Task to carry out » Make an exact copy of all the entries, but do not reproduce the pictures.

Data section »
%%
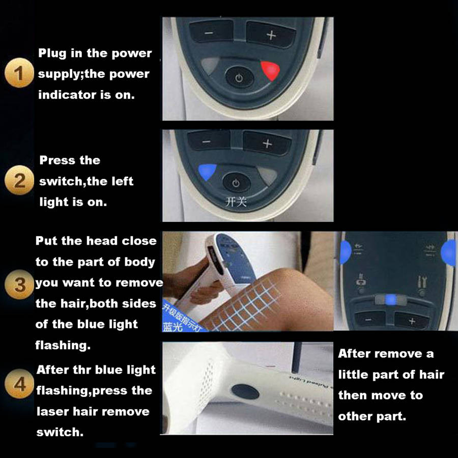 Using Method: 1) First plug in the power, the right side of the indicator light is red, and then press the start button will switch to the left light, turn into a blue light, this time indicates that the product has been normally started. 2) Laser head on the skin, to be left and right on both sides of the indicator light flashes, means the product is ready, press the button on the handle to work. 3) + / - button to adjust the intensity.
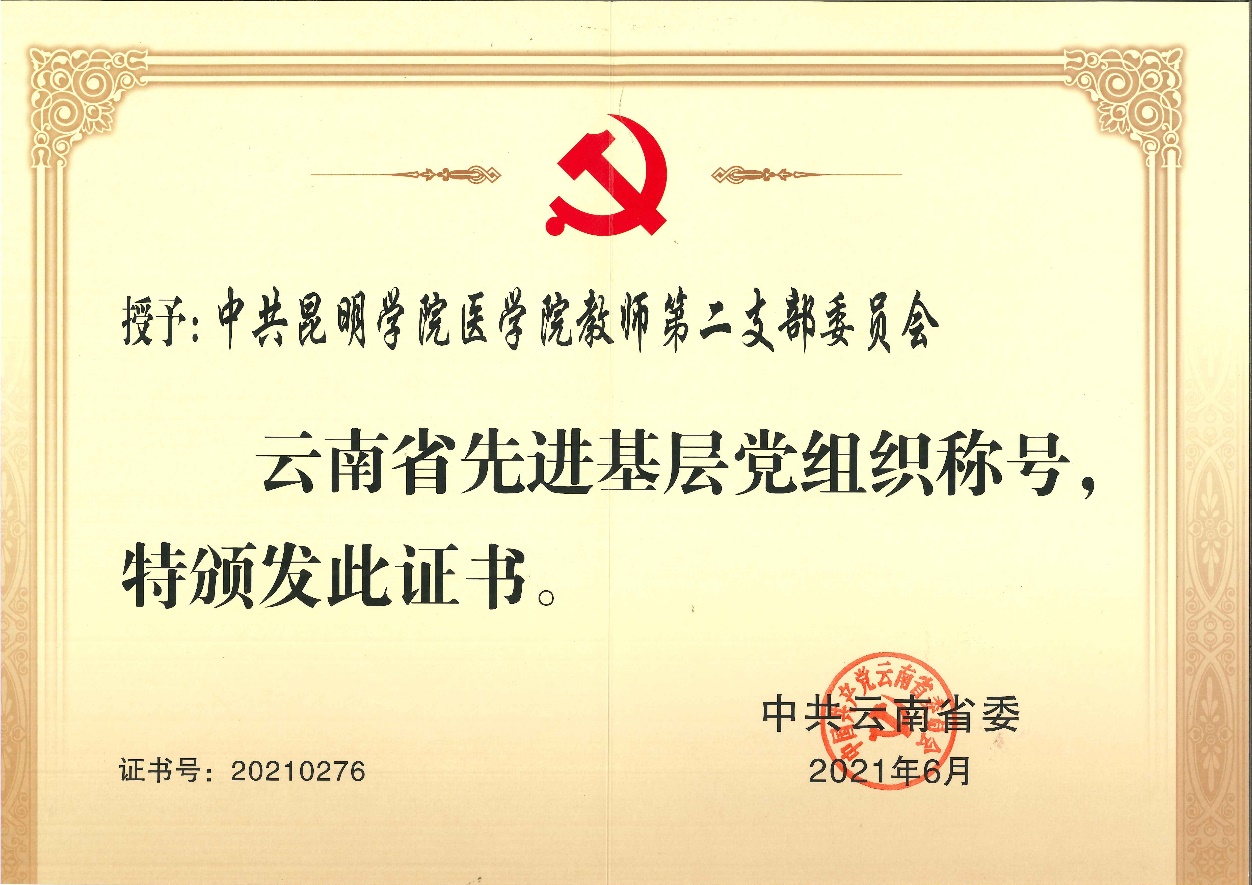 学院始终围绕新时代高校党建示范创建和质量创优工作,以党建工作示范党组织创建为抓手,全面提升基层党建工作水平。2020年9月,医学院党委被评为全省第二批高校“一流党建示范院(系)党组织”。医学院教师第二党支部先后被省委教育工委、省委组织部、教育部选树为“云南省高校规范化建设示范党支部”“云南省规范化建设示范党支部”“全国党建工作样板支部”。2021年,教师第二党支部被评为“云南省先进基层党组织”并受到省委表彰。以党建带团建,加强思想政治教育和学风建设,抓实学生工作,全心全意服务于学生的健康成长。学院团委(原团总支)连续多年被评为学校“五四”红旗团总支、红旗团委,学生会被评为优秀学生会。张雪梅老师和张芮宁同学两位党员获评为2022年开云kaiyun官方网站首届“最美昆院人”。
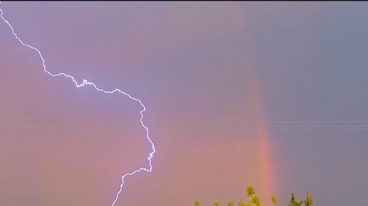 Удивительное зрелище - радуга с молнией, редкое явление природы!
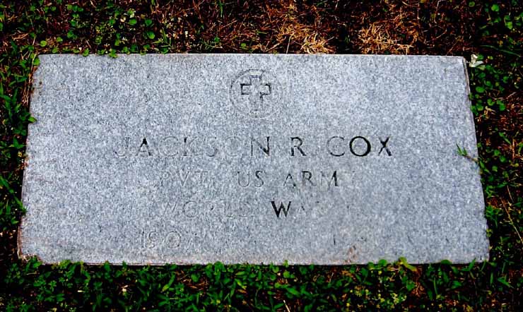 | Cox, Jackson R. | May 4, 1907 | Sept. 24, 1981 | Military Marker - Pvt. US Army - World War II | |
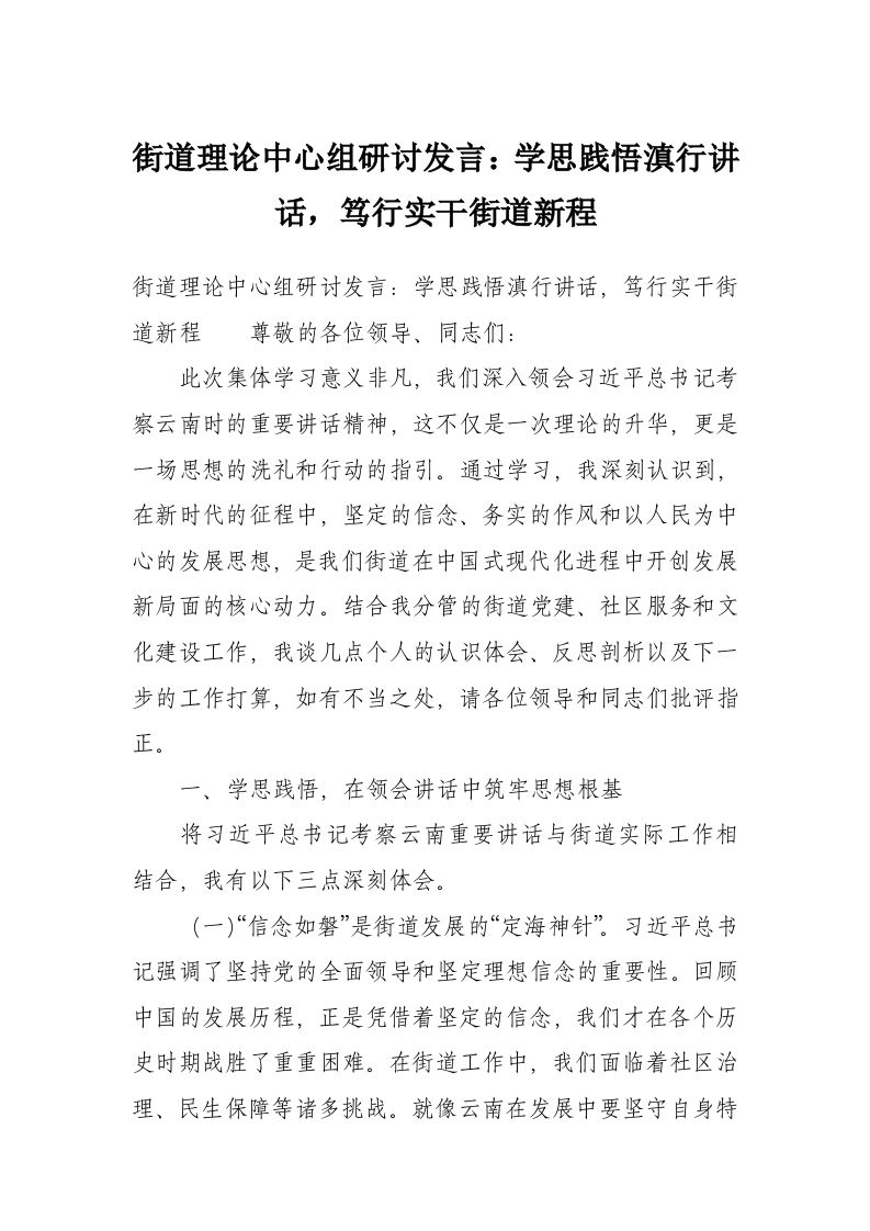 首页学习提升街道理论中心组研讨发言:学思践悟滇行讲话,笃行实干街道新程
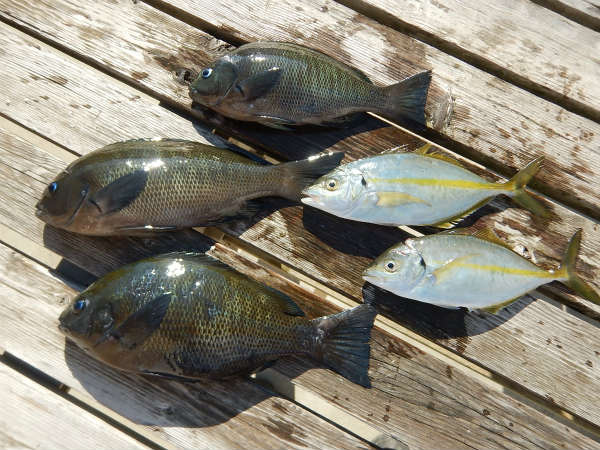 メジナ 30㎝ 2枚 シマアジ 25㎝ 2枚 30㎝クラスのシマアジが水面で口切れでバレてしまったそうです。
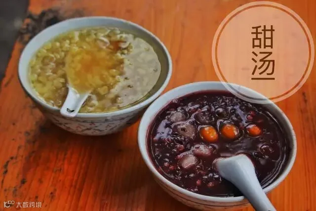 潮州的甜汤有:绿豆汤、鸭母囹、地瓜汤、薏米汤、红豆汤,八宝粥、奶香西米、银耳莲子汤、龟苓膏……下午茶来一碗甜甜的,精神一下午
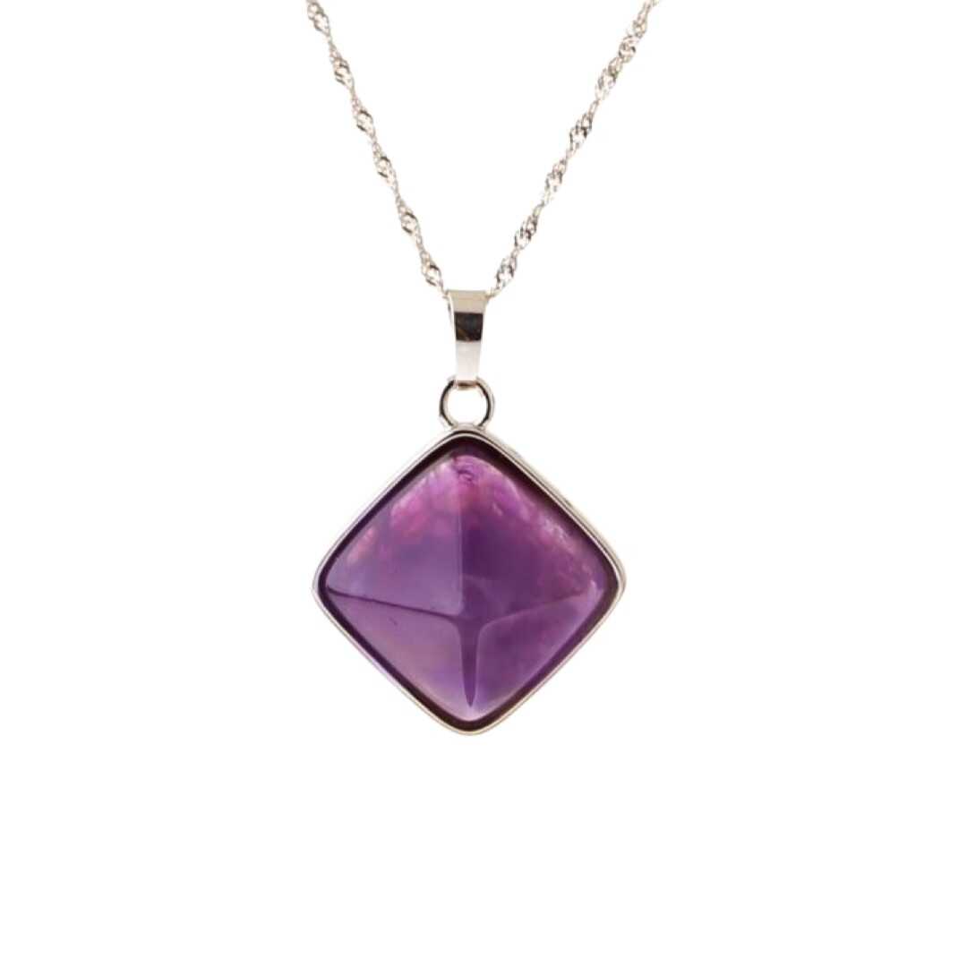 Ametist Doğal Taş Kolye, Gümüş Zincir
%%
Result for this task »
 Using Method: 1) First plug in the power, the right side of the indicator light is red, and then press the start button will switch to the left light, turn into a blue light, this time indicates that the product has been normally started. 2) Laser head on the skin, to be left and right on both sides of the indicator light flashes, means the product is ready, press the button on the handle to work. 3) + / - button to adjust the intensity.
 学院始终围绕新时代高校党建示范创建和质量创优工作,以党建工作示范党组织创建为抓手,全面提升基层党建工作水平。2020年9月,医学院党委被评为全省第二批高校“一流党建示范院(系)党组织”。医学院教师第二党支部先后被省委教育工委、省委组织部、教育部选树为“云南省高校规范化建设示范党支部”“云南省规范化建设示范党支部”“全国党建工作样板支部”。2021年,教师第二党支部被评为“云南省先进基层党组织”并受到省委表彰。以党建带团建,加强思想政治教育和学风建设,抓实学生工作,全心全意服务于学生的健康成长。学院团委(原团总支)连续多年被评为学校“五四”红旗团总支、红旗团委,学生会被评为优秀学生会。张雪梅老师和张芮宁同学两位党员获评为2022年开云kaiyun官方网站首届“最美昆院人”。
 Удивительное зрелище - радуга с молнией, редкое явление природы!
 | Cox, Jackson R. | May 4, 1907 | Sept. 24, 1981 | Military Marker - Pvt. US Army - World War II | |
 首页学习提升街道理论中心组研讨发言:学思践悟滇行讲话,笃行实干街道新程
 メジナ 30㎝ 2枚 シマアジ 25㎝ 2枚 30㎝クラスのシマアジが水面で口切れでバレてしまったそうです。
 潮州的甜汤有:绿豆汤、鸭母囹、地瓜汤、薏米汤、红豆汤,八宝粥、奶香西米、银耳莲子汤、龟苓膏……下午茶来一碗甜甜的,精神一下午
 Ametist Doğal Taş Kolye, Gümüş Zincir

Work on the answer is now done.